I thought I would share some thoughts on my new(ish) Carradice Nelson. For context... I have been commuting to work 2-3x a week since about September of last year. I started out on a POS hybrid bike with folding baskets on a rear rack. In November my Big Dummy came, and I had cargo space to spare!

Come spring (March), I used my overtime windfall to acquire a Cross-Check as a commuting rig. I wanted something that was easy to get on/off the bike as cargo space. Being used to panniers, I initially ordered some Carradice Kendal panniers. However, Peter White had a sale on Carradice at the time, and I thought I would give a roomy saddlebag a try.

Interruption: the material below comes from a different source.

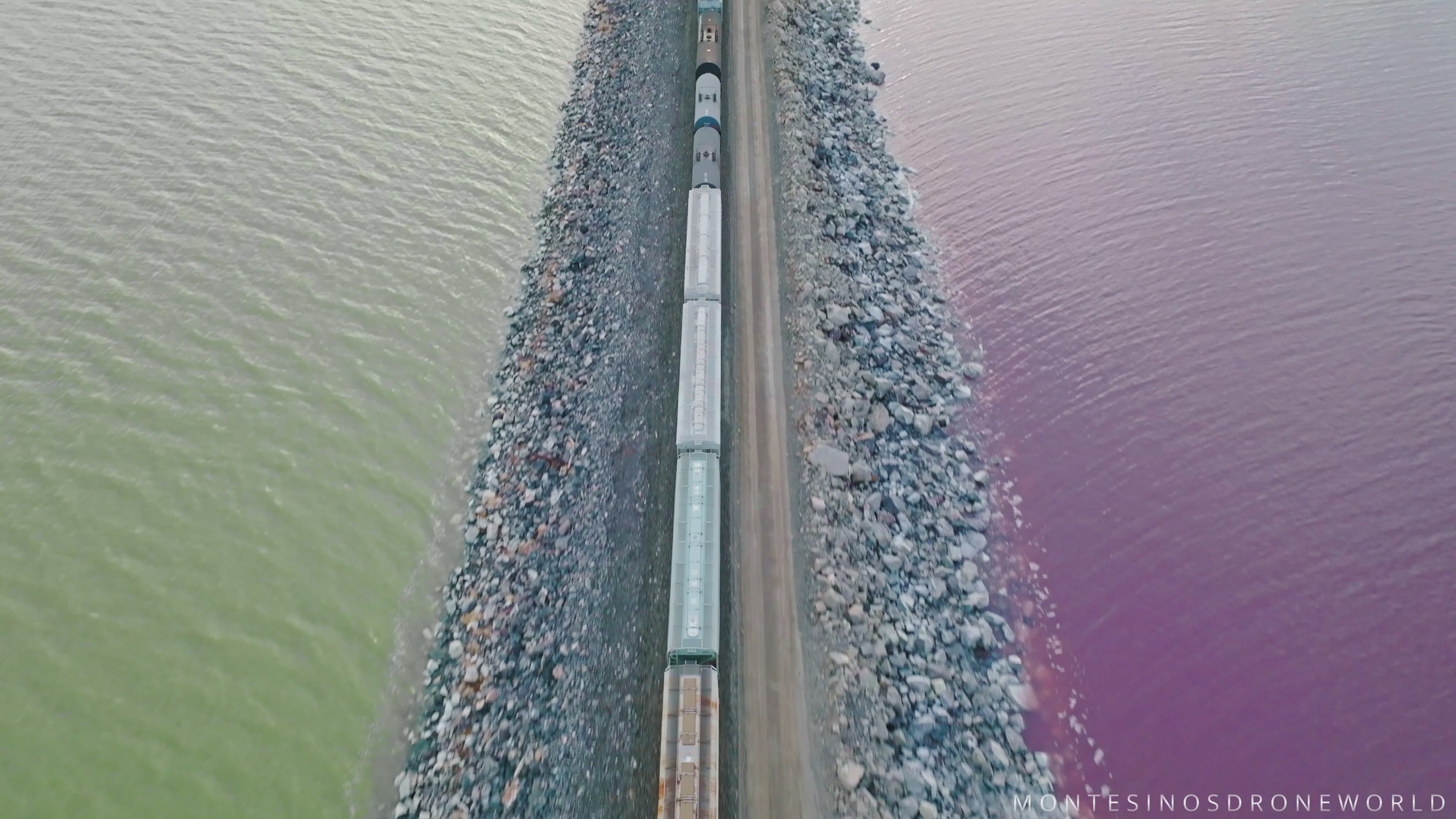 Capturing Trains with Drone it has become one of my favourite ways to improve my pilot skills lately, it's like a challengue to adjust your speed and movements and get more dynamic shots while trying to have a nice composition too. i did this footage in two different locations, the first one is the Great Salt Lake in Utah, over a railroad that crosses the lake and the most interesting part it has two different colors one on each side, a beautiful Pink and the other one sometimes green other times blue, is just amazing is my favourite place to capture trains because it's far and lonely, clear from obstacles so you can be focus in get the best shot only and the views are stunning. second location is in Bluffdale Utah, really close from my home and it's a beautiful place also, with really nice views, I did add some winter shots too. hope you can enjoy this video and the edition, specially the beautiful views.

Am I ever glad that I did! The Nelson has become my go-to commuting bag, and it handles just about anything I could want on the bike. This picture is a little old, as I now attach the lower mount-point of the Nelson to my rack instead of the seat-post, but here it is mounted to my bike. I have no trouble with leg strike, and when riding I don't even know that it's there.









Here it is from the rear:









This thing holds everything that I need, with a little room to spare. Here it is full just after I got home today. It's a little hard to see in the photo, but there is a nylon mount-point for a clip light, as well as a (visible) bright reflective patch. I have a dynamo tail-light, so the nylon mount goes unused for me.









If you needed to carry a big computer or a lot of files, this might not work for you, but here is a view of the interior, pretty full. There is a cinch-loop around the rim to keep everything in place. Also, for extra storage, you can lay something on top and buckle the top flap on one of the looser holes. This would be great for a rain-coat or extra stuff-sack full of clothes.








Left side pocket: Wallet, keys, razor, phone, work badge, extra room.
Right side pocket: Spare tube, REI small stuff-sack containing zip ties, velcro strapping, Topeak Hexus multi-tool, patch kit, Torx driver, etc (see detail photo below).
Main area: Large folding head-phones, tub of moisturizer, old garage-door opener (which hangs PERFECTLY on the wooden dowel), Kindle DX (the extra-large one; 10.4" x 7.2"), extra plastic bag, and a stuff-sack containing a towel, pants, shirt.

Here is the interior minus the stuff-sack and DX:









And here is the inside of the right-hand (tool) side pocket:









If I don't need the change of clothes, then I have room for quite a bit extra. If I need the extra too, then the stuff-sack with the clothes fits on top of the main compartment, with the top flap cinched down over it. All in all, it works VERY well, and looks good doing it.

The Nelson, like most Carradice products, is made of waxed canvas. I've already been through two rainy rides, and everything on the inside was BONE dry when I got to the end of the 30 minute long rides. And, trust me, anything on the outside was COMPLETELY soaked. I will probably need to re-wax the canvas every couple of years, but that's not a big deal.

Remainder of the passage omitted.